Les autorités espagnoles ont fermement rejeté, mardi 20 janvier, toute hypothèse de sabotage après la violente collision ferroviaire survenue dimanche soir dans le sud du pays.
La collision des TGV survenue en début de semaine, qui a fait au moins 41 personnes, s’est produit à Adamuz, en Andalousie (sud de l’Espagne). C’est l’un des accidents ferroviaires les plus meurtriers de ces dernières années en Espagne.
S’exprimant à l’issue du Conseil des ministres tenu à Madrid, le ministre espagnol de l’Intérieur, Fernando Grande-Marlaska, a souligné que la piste criminelle n’avait jamais été envisagée.
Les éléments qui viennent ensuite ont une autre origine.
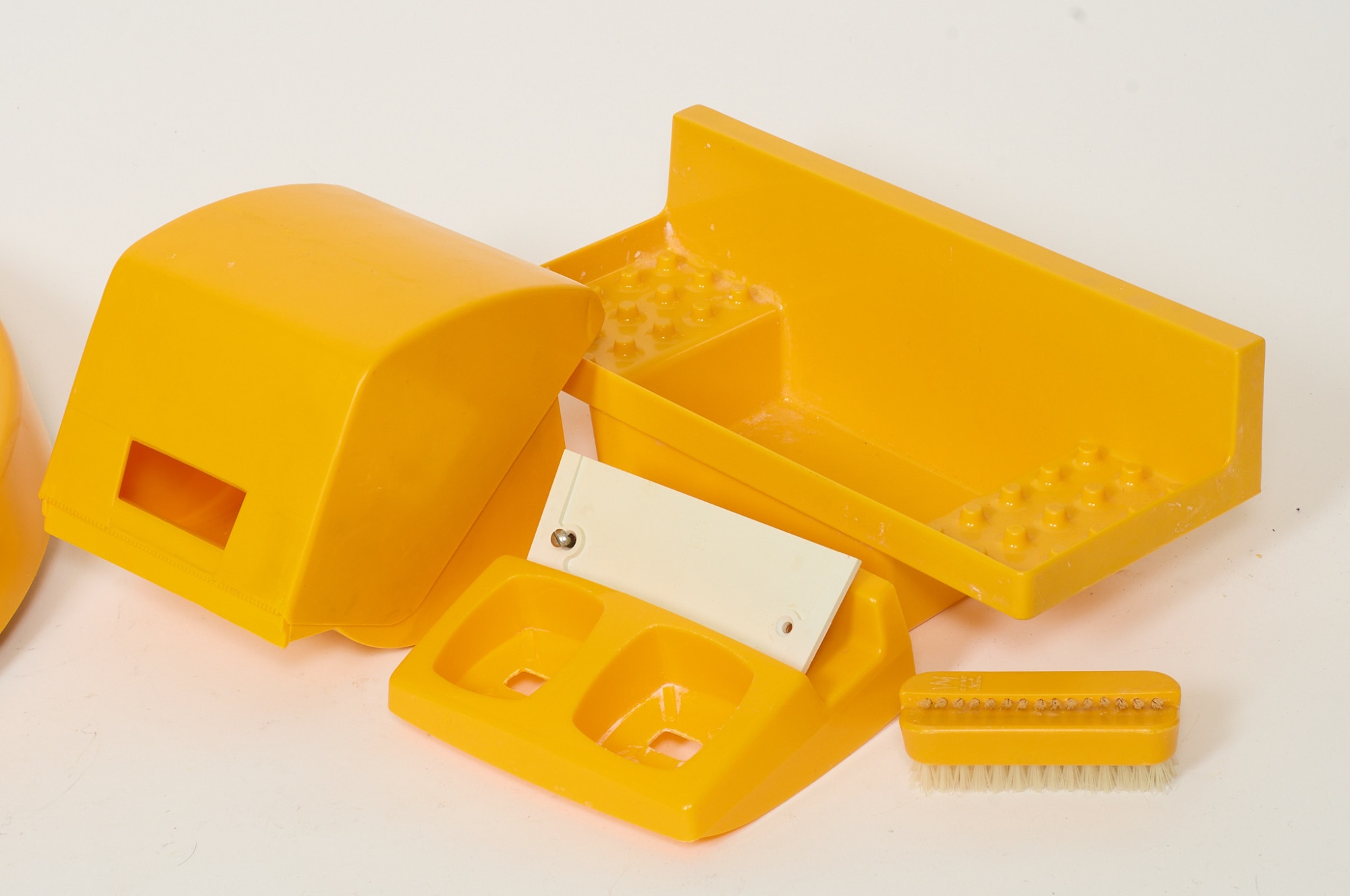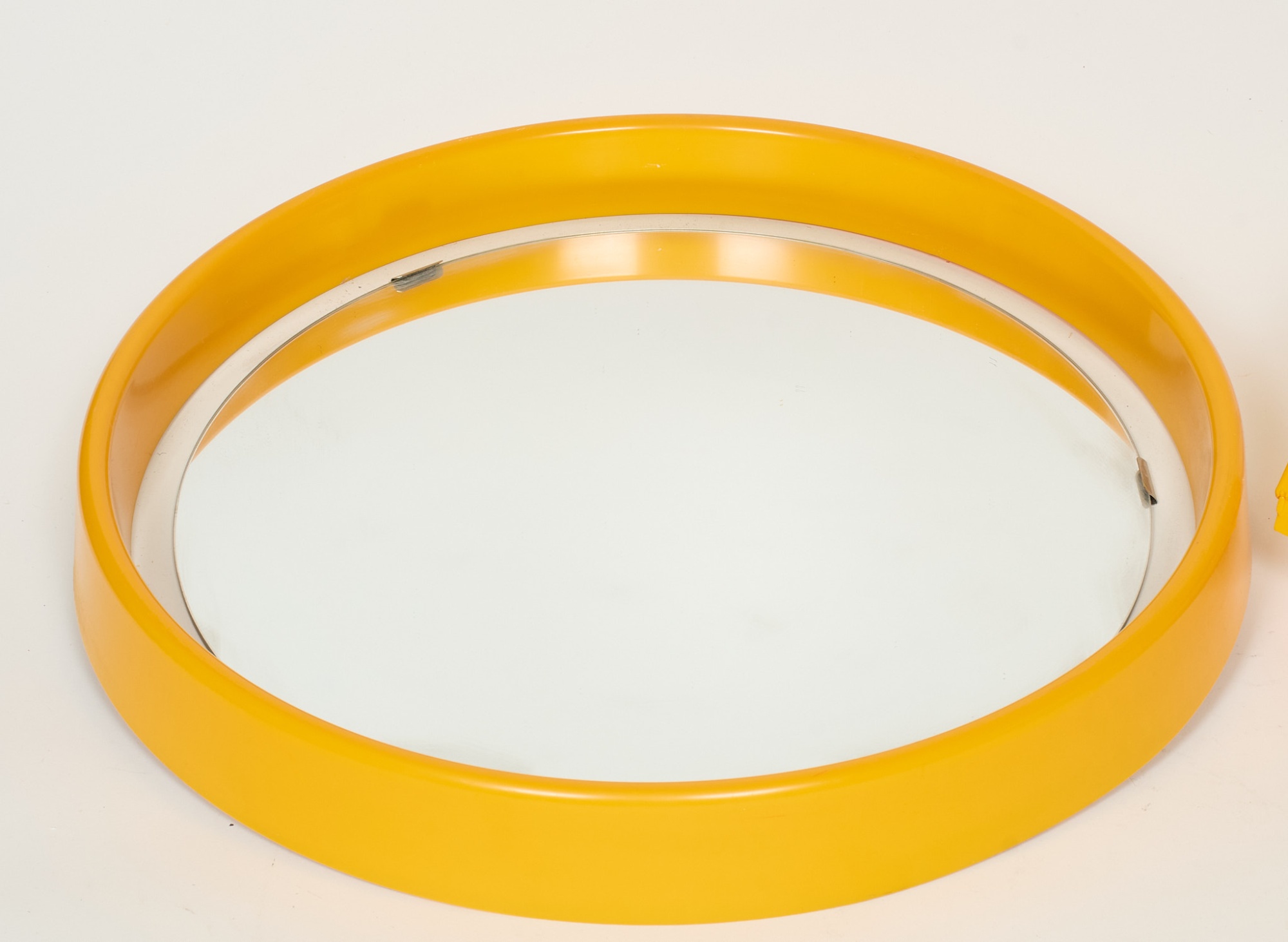 Spegel, diam 39 cm samt toalettrullehållare och 2 hyllor, plast. Bruksslitage.

Les premières analyses orientent exclusivement l’enquête vers des défaillances techniques liées au fonctionnement du réseau ferroviaire, a-t-il dit.
De son côté, le chef du gouvernement Pedro Sánchez a noté que toute la lumière serait faite sur cette catastrophe et a promis une transparence totale, rappelant que le pays reste marqué par le souvenir de l’accident de Saint-Jacques-de-Compostelle en 2013, qui avait fait 80 victimes.
L’accident s’est produit peu avant 20 heures, lorsque deux trains à grande vitesse circulant sur des voies parallèles, en sens opposé, sont entrés en collision. Près de 500 passagers se trouvaient à bord des deux rames. Les premiers éléments indiquent qu’un train de la compagnie privée Iryo a déraillé, provoquant le basculement de plusieurs wagons sur la voie voisine, où circulait un convoi de la Renfe à destination de Huelva.